When Chattanooga’s Charles Love turned up in federal court in Memphis Tuesday to change his plea to guilty in the Tennessee Waltz matter, he might as well have come straight from Central Casting. Love looked just like what he was charged with being in the scandal – a bagman.

Dressed in a literally baggy brown four-button suit with cuffs that ballooned out low and overflowed onto the floor, erstwhile lobbyist Love let his attorney, Brian Hoss, do all the talking for him as the two of them listened to Judge Daniel Breen read from the indictment and, later, assistant U.S. Attorney Tim DiScenza detail portions of the government’s proof against Love.

The reading of the two documents and Love’s appearance together created a scenario that hinted at every sordid thing one could imagine, not only about the specific crimes of bribery and extortion but about the increasingly disgraced Tennessee legislature itself.

Love had after all led the FBI’s make-believe “eCycle” moneybags men to one of the state Senate’s presumed pillars, the venerable Ward Crutchfield, also of Chattanooga, whose legislative influence could be had, Love told the agents, if they had “gifts to bear.”.

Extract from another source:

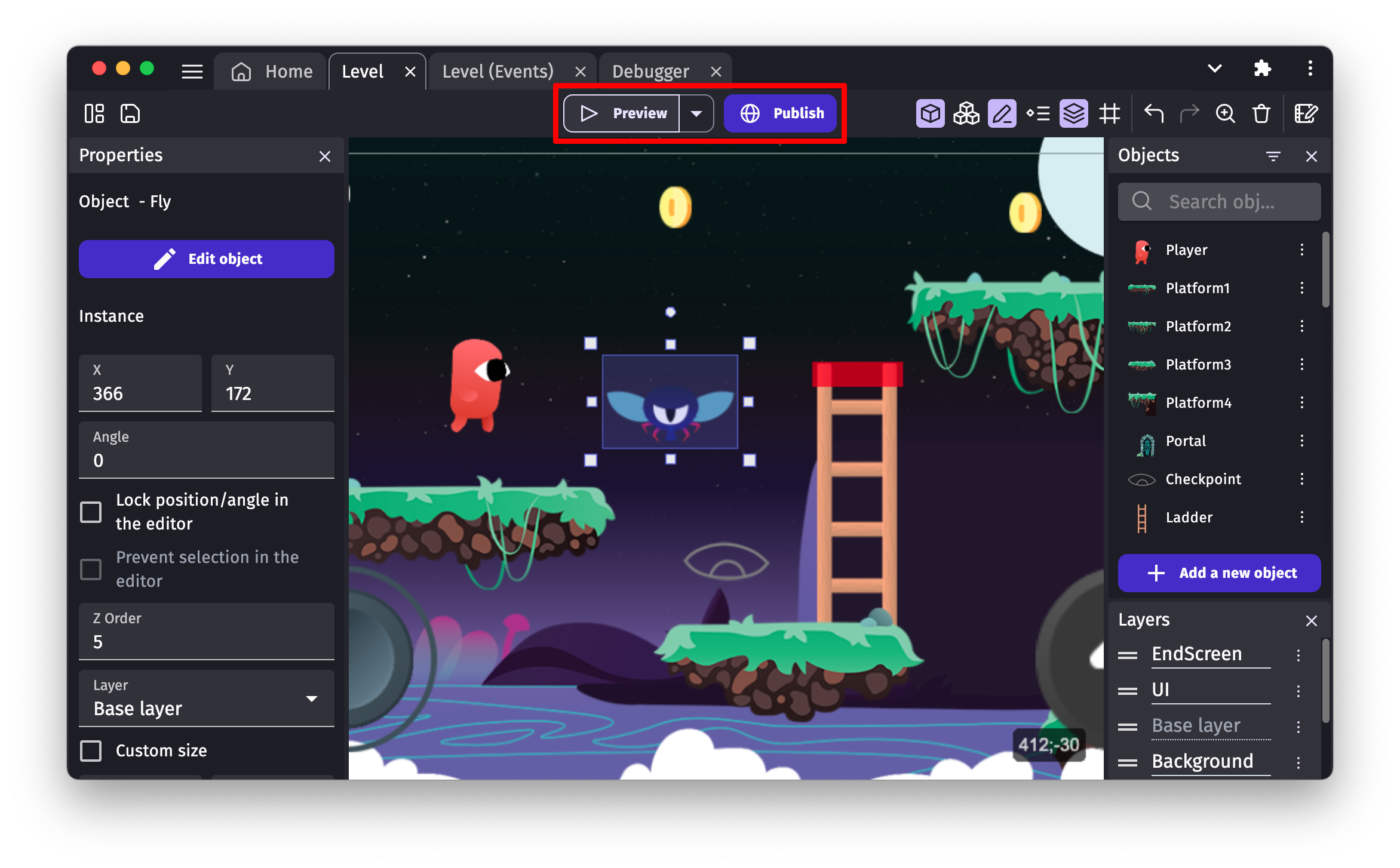 A Preview button is available in the toolbar. This button launches a preview of your game in a new window.

And what the courtroom audience learned about Crutchfield, a co-defendant who has (so far) not changed his plea of not guilty, was in some ways more embarrassing to the senator’s reputation than the offenses he was charged with.

Crutchfield, said DiScenza, fastidiously avoided being so gross as to take into his own hands the eCycle bucks he got and kept asking for. He let his unnamed secretary do that, and when the FBI’s “undercover informant” (presumably the now infamous Tim Willis) came inquiring as to whether the main man had got his money, she was instructed to say that bagman Love had been “mighty nice to us today” or “mighty good to us today.” On those occasions when Crutchfield himself was coaxed into saying something for the FBI’s apparently ubiquitous video- and audio-tapes, he acknowledged receipt with words like “Thank you for being my friend.”

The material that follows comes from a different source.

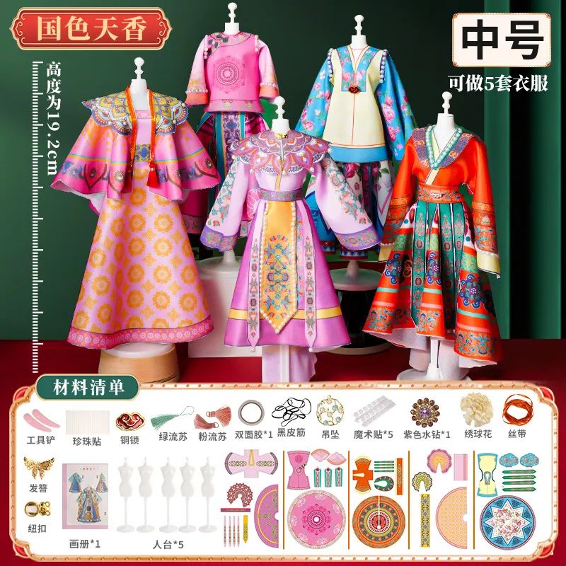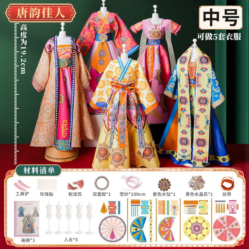 年底降价促销??39.9元,培养服装设计兴趣❗儿童手工DIY汉服服装设计玩具~圆每个爱美的女孩??一个服装设计师的梦!5人台,5套服装设计?

Right. Some friends you got there, Senator.

But the tale of ignominy became pure slapstick when DiScenza’s account got around to the part of the saga involving another co-defendant, state Rep. Chris Newton of Cleveland.

It was not just that Newton, the sole Republican bagged in the FBI operation, was charged with taking the bottom-dollar sum of $4500 for his promise to expedite legislation favorable to eCycle, it developed that middle-man Love had repeatedly skimmed from Newton’s payoffs, sometimes halving them. So the poor legislative shlepper ended up, as compensation for the fate that now awaits him, with maybe enough change to run a bar bill at the downtown Sheraton in Nashville, a late-hours hangout for General Assembly types.

Afterward lawyer Hoss met with reporters and assured them, among other things, that despite what they’d heard in court, his suddenly repentant client had “never done anything like this before.”

Right.

Like the other defendants, who include ex- Memphis legislators John Ford and Roscoe Dixon as well as current state Senator Kathryn Bowers, Love was accused of a series of “offenses against the United States.” If Love — as of Tuesday, an ex-Hamilton County school board member — turns state’s evidence, which seems likely, he might get off light on those formal charges, but his offenses against good taste and credibility will be a little harder to expiate.